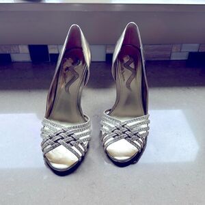 Nina heels, Gold with rhinestones, perfect for festive event. Size 9. Good condition!
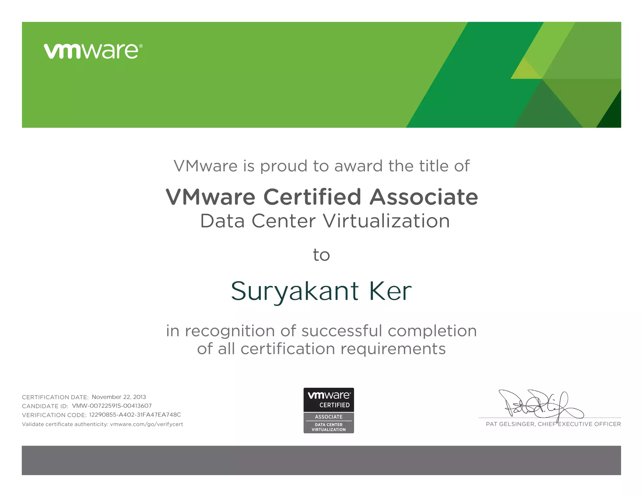 This document certifies that Suryakant Ker has successfully completed all requirements for the VMware Certified Associate - Data Center Virtualization certification. It recognizes his achievement and awards him the title on November 22, 2013. The document is signed by Pat Gelsinger, CEO of VMware, and provides a verification code to validate the authenticity of the certification.
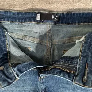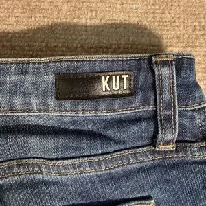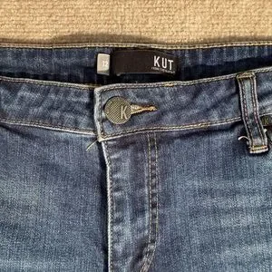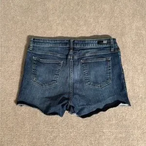 Keywords: Kut from the Kloth shorts, Gidget fray, medium wash denim, clean jean shorts, raw hem shorts, cotton denim, classic jean shorts, summer staple, casual chic, everyday denim, modest shorts, women’s size 12 denim, structured cotton shorts
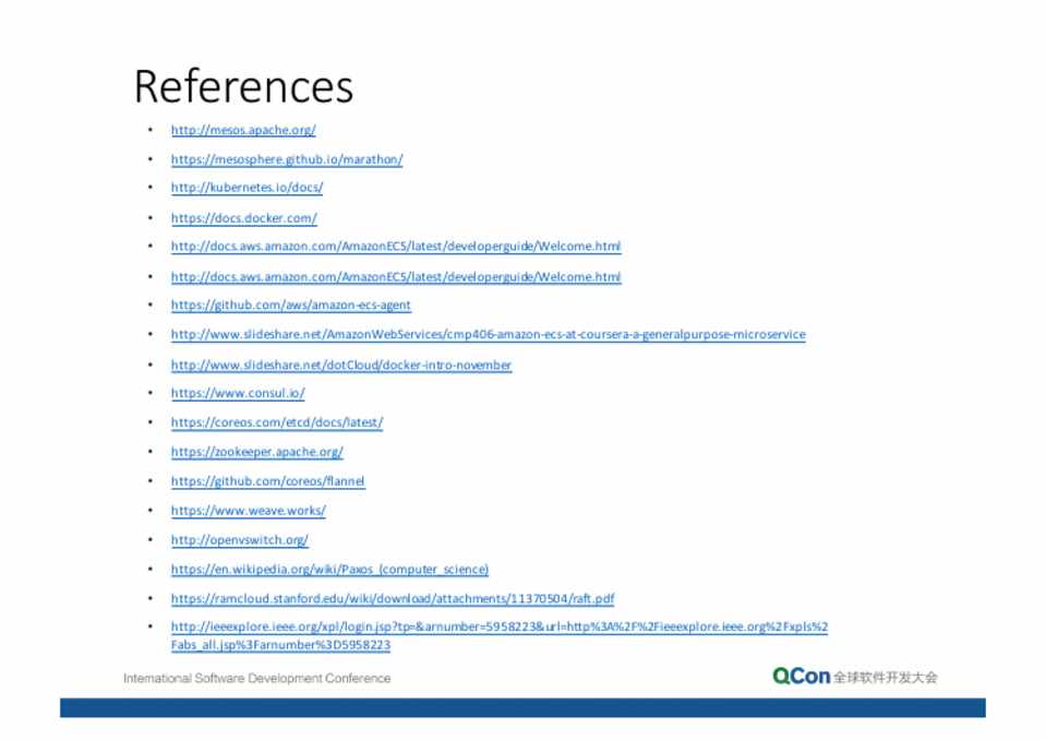 • http://mesos.apache.org/ • https://mesosphere.github.io/marathon/ • http://kubernetes.io/docs/ • https://docs.docker.com/ • http://docs.aws.amazon.com/AmazonECS/latest/developerguide/Welcome.html • http://docs.aws.amazon.com/AmazonECS/latest/developerguide/Welcome.html • https://github.com/aws/amazon-ecs-agent • http://www.slideshare.net/AmazonWebServices/cmp406-amazon-ecs-at-coursera-a-generalpurpose-microservice • http://www.slideshare.net/dotCloud/docker-intro-november • https://www.consul.io/ • https://coreos.com/etcd/docs/latest/ • https://zookeeper.apache.org/ • https://github.com/coreos/flannel • https://www.weave.works/ • http://openvswitch.org/ • https://en.wikipedia.org/wiki/Paxos_(computer_science) • https://ramcloud.stanford.edu/wiki/download/attachments/11370504/raft.pdf • http://ieeexplore.ieee.org/xpl/login.jsp?tp=&arnumber=5958223&url=http%3A%2F%2Fieeexplore.ieee.org%2Fxpls%2
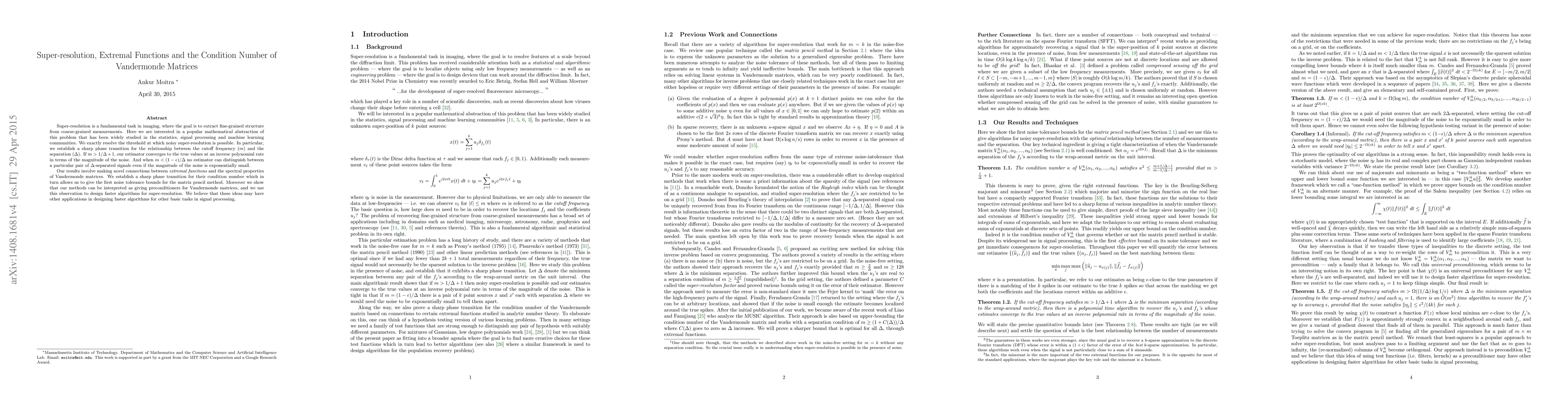 Super-resolution is a fundamental task in imaging, where the goal is to extract fine-grained structure from coarse-grained measurements. Here we are interested in a popular mathematical abstraction of this problem that has been widely studied in the statistics, signal processing and machine learning communities. We exactly resolve the threshold at which noisy super-resolution is possible. In particular, we establish a sharp phase transition for the relationship between the cutoff frequency ($m$) and the separation ($\Delta$). If $m > 1/\Delta + 1$, our estimator converges to the true values at an inverse polynomial rate in terms of the magnitude of the noise. And when $m < (1-\epsilon) /\Delta$ no estimator can distinguish between a particular pair of $\Delta$-separated signals even if the magnitude of the noise is exponentially small. Our results involve making novel connections between {\em extremal functions} and the spectral properties of Vandermonde matrices. We establish a sharp phase transition for their condition number which in turn allows us to give the first noise tolerance bounds for the matrix pencil method. Moreover we show that our methods can be interpreted as giving preconditioners for Vandermonde matrices, and we use this observation to design faster algorithms for super-resolution. We believe that these ideas may have other applications in designing faster algorithms for other basic tasks in signal processing.

Try it
Would you return the records exactly as written, minus any image?

Solution to this problem
 Nina heels, Gold with rhinestones, perfect for festive event. Size 9. Good condition!
 This document certifies that Suryakant Ker has successfully completed all requirements for the VMware Certified Associate - Data Center Virtualization certification. It recognizes his achievement and awards him the title on November 22, 2013. The document is signed by Pat Gelsinger, CEO of VMware, and provides a verification code to validate the authenticity of the certification.
 Keywords: Kut from the Kloth shorts, Gidget fray, medium wash denim, clean jean shorts, raw hem shorts, cotton denim, classic jean shorts, summer staple, casual chic, everyday denim, modest shorts, women’s size 12 denim, structured cotton shorts
 • http://mesos.apache.org/ • https://mesosphere.github.io/marathon/ • http://kubernetes.io/docs/ • https://docs.docker.com/ • http://docs.aws.amazon.com/AmazonECS/latest/developerguide/Welcome.html • http://docs.aws.amazon.com/AmazonECS/latest/developerguide/Welcome.html • https://github.com/aws/amazon-ecs-agent • http://www.slideshare.net/AmazonWebServices/cmp406-amazon-ecs-at-coursera-a-generalpurpose-microservice • http://www.slideshare.net/dotCloud/docker-intro-november • https://www.consul.io/ • https://coreos.com/etcd/docs/latest/ • https://zookeeper.apache.org/ • https://github.com/coreos/flannel • https://www.weave.works/ • http://openvswitch.org/ • https://en.wikipedia.org/wiki/Paxos_(computer_science) • https://ramcloud.stanford.edu/wiki/download/attachments/11370504/raft.pdf • http://ieeexplore.ieee.org/xpl/login.jsp?tp=&arnumber=5958223&url=http%3A%2F%2Fieeexplore.ieee.org%2Fxpls%2
 Super-resolution is a fundamental task in imaging, where the goal is to extract fine-grained structure from coarse-grained measurements. Here we are interested in a popular mathematical abstraction of this problem that has been widely studied in the statistics, signal processing and machine learning communities. We exactly resolve the threshold at which noisy super-resolution is possible. In particular, we establish a sharp phase transition for the relationship between the cutoff frequency ($m$) and the separation ($\Delta$). If $m > 1/\Delta + 1$, our estimator converges to the true values at an inverse polynomial rate in terms of the magnitude of the noise. And when $m < (1-\epsilon) /\Delta$ no estimator can distinguish between a particular pair of $\Delta$-separated signals even if the magnitude of the noise is exponentially small. Our results involve making novel connections between {\em extremal functions} and the spectral properties of Vandermonde matrices. We establish a sharp phase transition for their condition number which in turn allows us to give the first noise tolerance bounds for the matrix pencil method. Moreover we show that our methods can be interpreted as giving preconditioners for Vandermonde matrices, and we use this observation to design faster algorithms for super-resolution. We believe that these ideas may have other applications in designing faster algorithms for other basic tasks in signal processing.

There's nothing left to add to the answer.